A Las Vegas-based collection agency has filed more than a thousand medical debt collection lawsuits against St. Louis area residents since the end of 2014.

The lawsuits by CP Medical LLC claim former SSM Health patients still owe money for past treatment. SSM Health is a Creve Coeur, Mo.-based Catholic and nonprofit health system with a stated charitable mission of providing care to anyone regardless of their ability to pay.

CP Medical has filed approximately 1,078 lawsuits in St. Louis, St. Louis County and St. Charles County between Dec. 2, 2014, and March 10, according to a St. Louis Post-Disptach analysis. Defendants had an attorney in only 17 of those cases. For defendants who do not show up, the cases likely end with a default judgment.

After reviewing the lawsuits, the newspaper found that 99% of the cases involved debt that originated from ER treatment at an SSM hospital. CP Medical is one of several affiliates of Duluth, Ga.-based Capio Partners LLC, a national medical debt collection operation. 

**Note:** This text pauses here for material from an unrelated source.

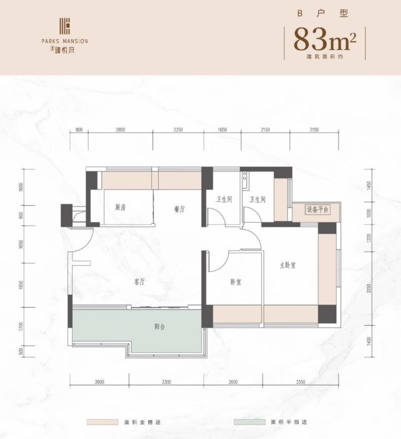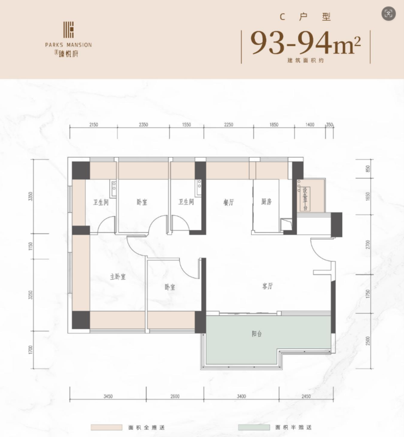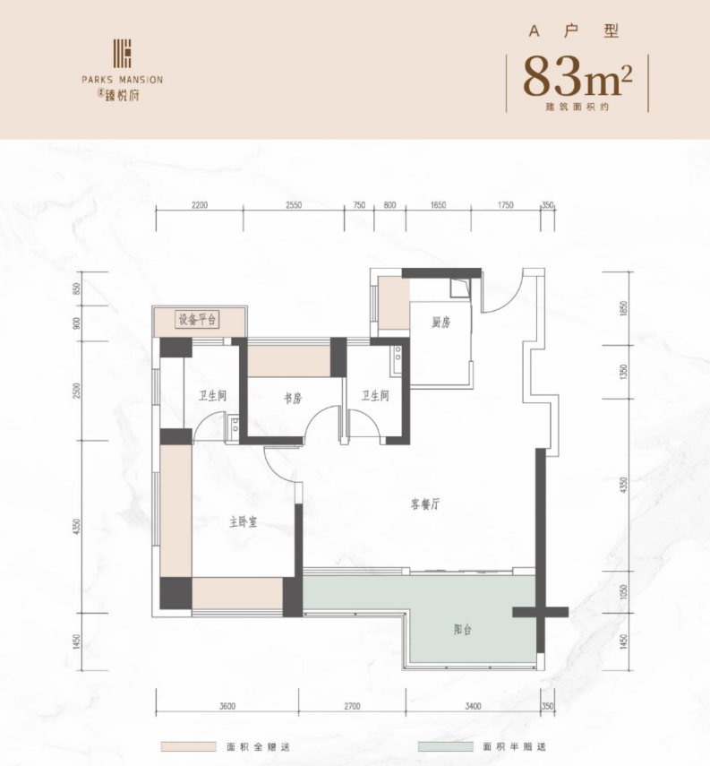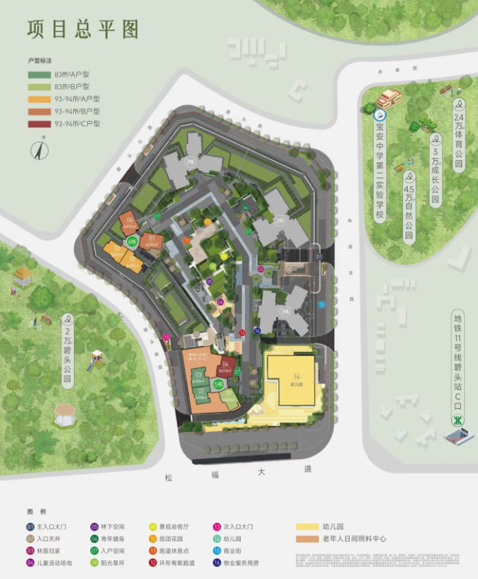 在售建面:83㎡ 3房2卫和93㎡4房2卫

Capio was founded in 2008 by Jim Richards. Capio and its affiliated companies in the past five years have purchased more than 19 million accounts across the U.S. with a face value of more than $17 billion, according to its website.

SSM Health officials said they did not know about the lawsuits until the newspaper asked about them. The litigation apparently is not being done on behalf of SSM Health or Schumacher Clinical Partners (SCP), a for-profit firm that runs many of SSM Health’s emergency rooms. However, Lafayette, La.-based SCP has sold debt to Capio and litigation work is common after a debt sale. SCP did not disclose how much debt it has sold to Capio.

SSM Health decided in 2008 to contract out most of its emergency rooms to SCP. The decision was made because of rising costs and complexities needed to staff emergency rooms. While the practice is common in the healthcare industry, many legal experts argue that outsourced medical services can blur the line between nonprofits and for-profit operations and expose many low-income and uninsured patients - who otherwise might be candidates for discounted care or charity care - to potentially aggressive collection practices. Many of these patients turn to emergency rooms for their medical care. National Consumer Law Center officials said it’s “appalling” that a nonprofit Catholic hospital is letting this happen in their community The Internal Revenue Service requires nonprofit, in exchange for tax-exempt status, to provide financial assistance to the poor and uninsured. The IRS does not specify how much charity care or financial assistance tax-exempt hospitals should provide. SCP sold its unpaid ER bills to Capio Funding LLC in 2014.